> Data shown:

★ ★ ★ ★ ★

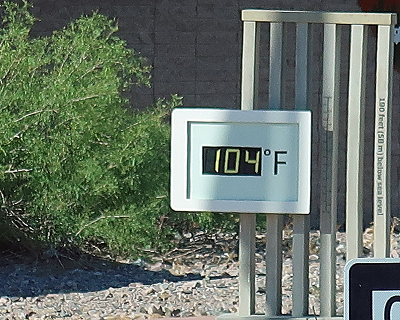 エントランス付近の午後の気温 (華氏104度は摂氏40度)
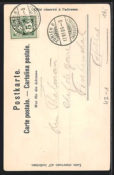 alte Ansichtskarte, gelaufen 1904, guter Zustand
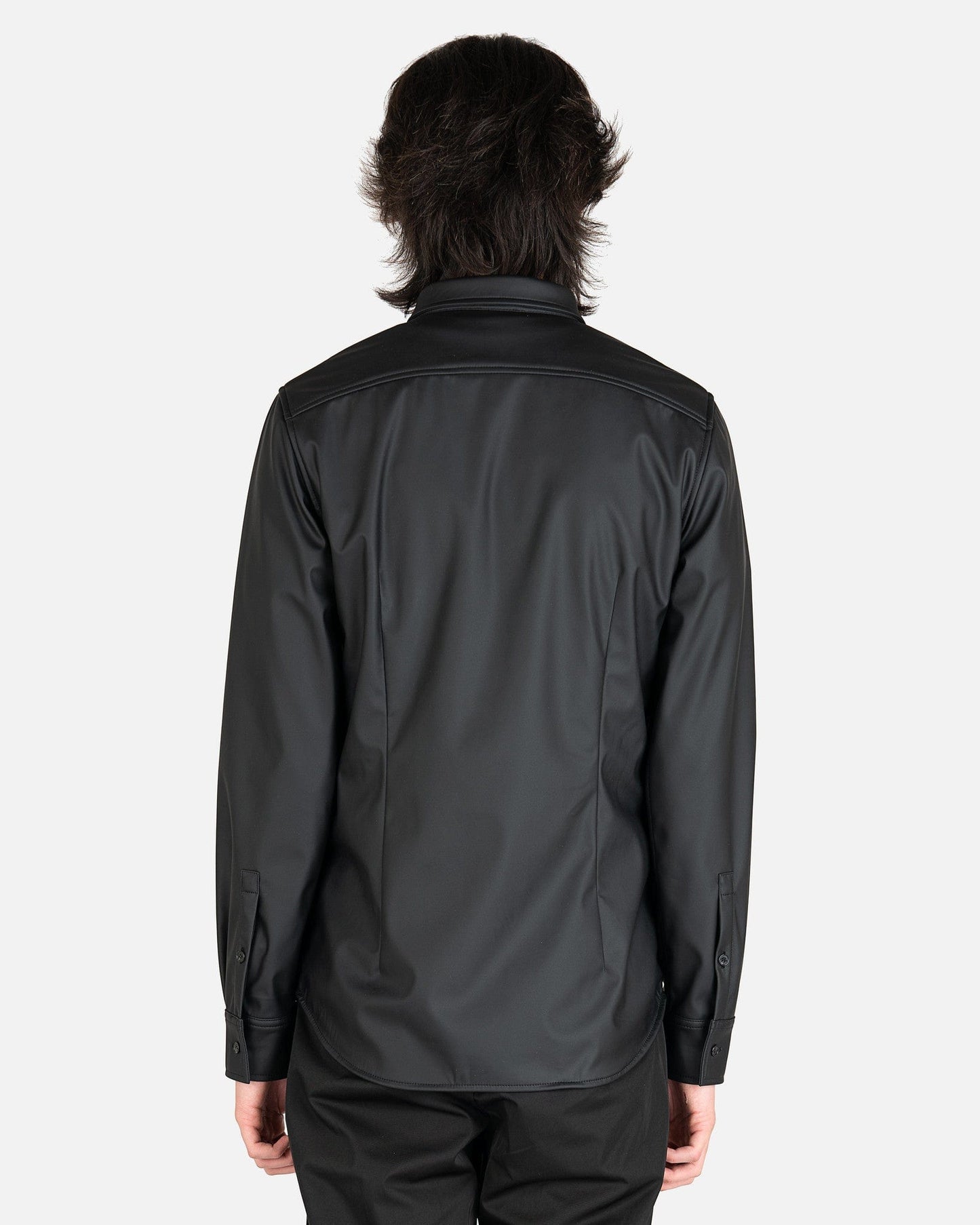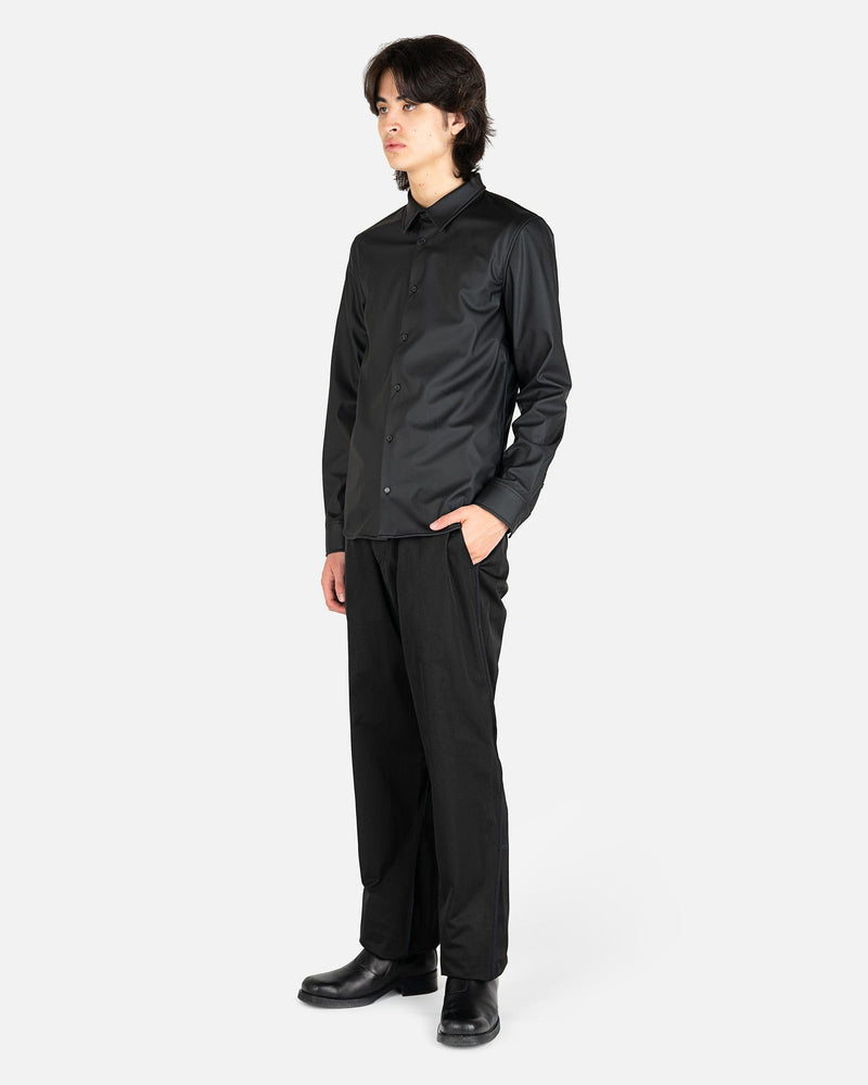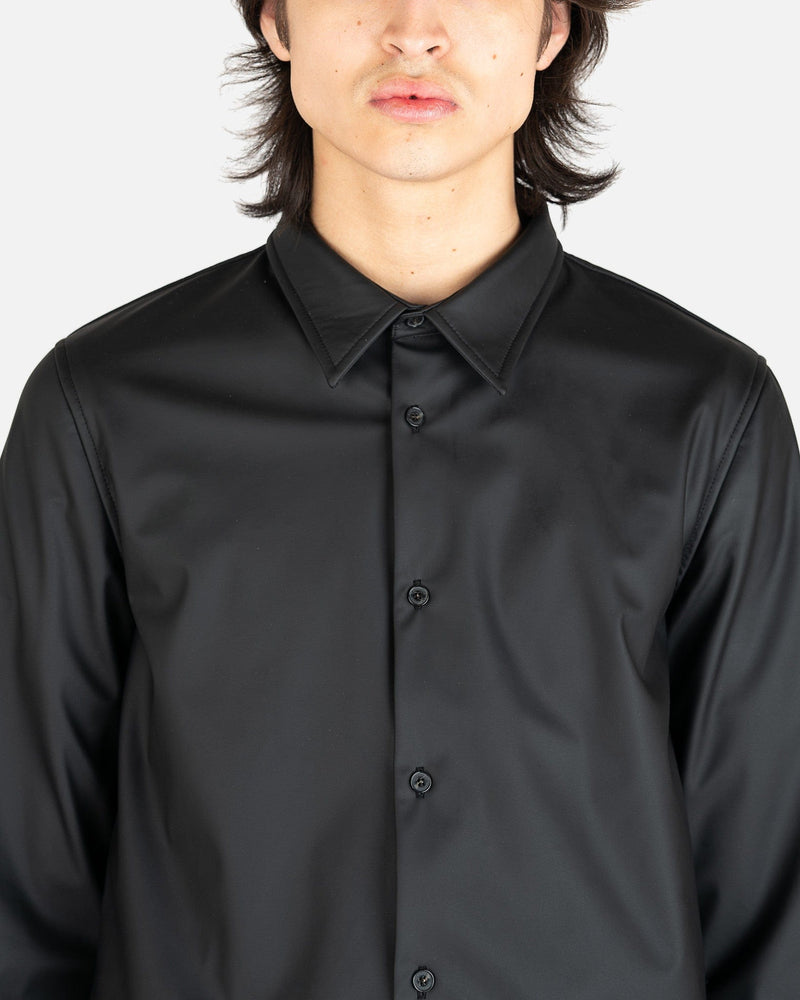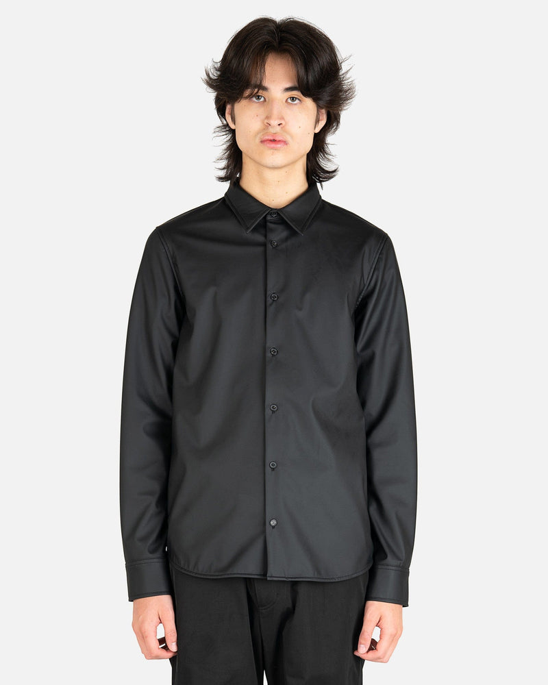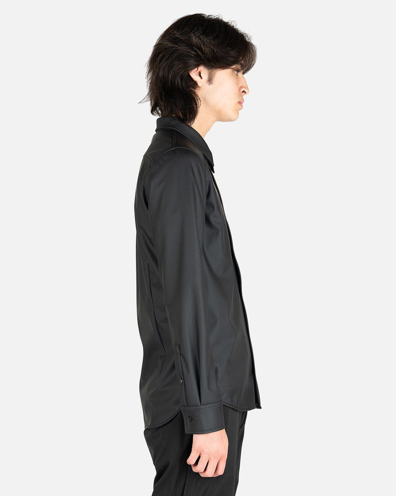 KANGHYUK men's vegan leather long sleeved shirt in black. This top has a classic collar and front button closure with a curved hem.

★ ★ ★ ★ ★

> Work item: Print out the whole listing word for word. Leave the pictures out.

> Response to this exercise:
 エントランス付近の午後の気温 (華氏104度は摂氏40度)
 alte Ansichtskarte, gelaufen 1904, guter Zustand
 KANGHYUK men's vegan leather long sleeved shirt in black. This top has a classic collar and front button closure with a curved hem.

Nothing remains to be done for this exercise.